SMART, Scandinavian Multi Access Reservations for Travel Agents, is a computerized system for ticket reservation.

History
It was created in 1979 by SAS, Braathens and Swedish State Railways. Many travel companies had computerized their systems at the time, and provided terminal interfaces for travel agencies. Each had their own system, often involving widely different codes and procedures. It was cumbersome and expensive for a travel agency to have multiple terminals, each one connected to a different provider. SMART solved this, by providing a single interface over the public data network Datex.

It worked by having a Host Interface Processor (HIP) at each travel company. These would emulate a number of terminals, translate the messages, codes and addresses, wrap them in SMARTs own communications protocol, and provide the interface over Datex to the various travel agencies. There was, of course, functionality to limit access.

On the travel agency side, there would be SMART Terminal Equipment (STE) with the reverse function, emulating a server and providing interfaces for terminals. Now however, a travel agent could easily switch between screens for the different companies. The interfaces were similar to those for direct connections, but provided some standardization for codes to ease the transition between the systems.

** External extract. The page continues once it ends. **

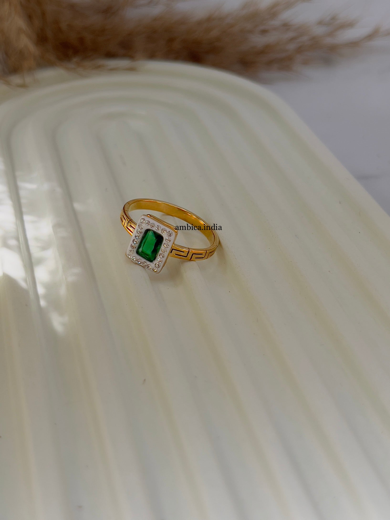 Green Crystal ring gold plated
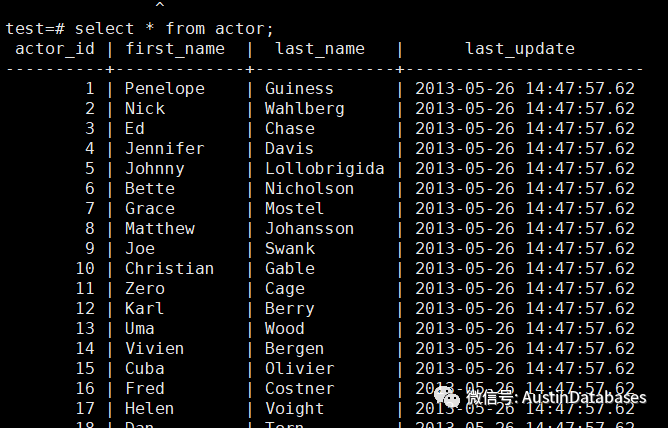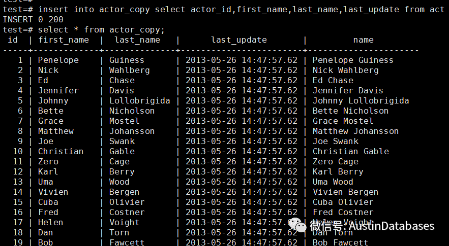 然后我们将数据灌入到 actor_copy 表中,然后查看表,可以看到多了一列并且这一列实际上是 first_name 和 last_name 的组合。那么name 这一列到底是怎么生成的。

The STE would also allow printing of documents, tickets, bills and similar, as well as interfacing with the accounting system.

SMART could utilize some of Datex extra features like queuing and group numbers, and a logical connection (session) was not dependent on the physical connection (which could go up and down for instance during idle times to save money). Parallel sessions could be held with different or the same provider.

SMART spawned off into a company centered in Stockholm in 1984, SMART AB, with the subsidiaries SMART Sverige AB, SMART Danmark A/S, and SMART Norge AS (in Sweden, Denmark and Norway respectively).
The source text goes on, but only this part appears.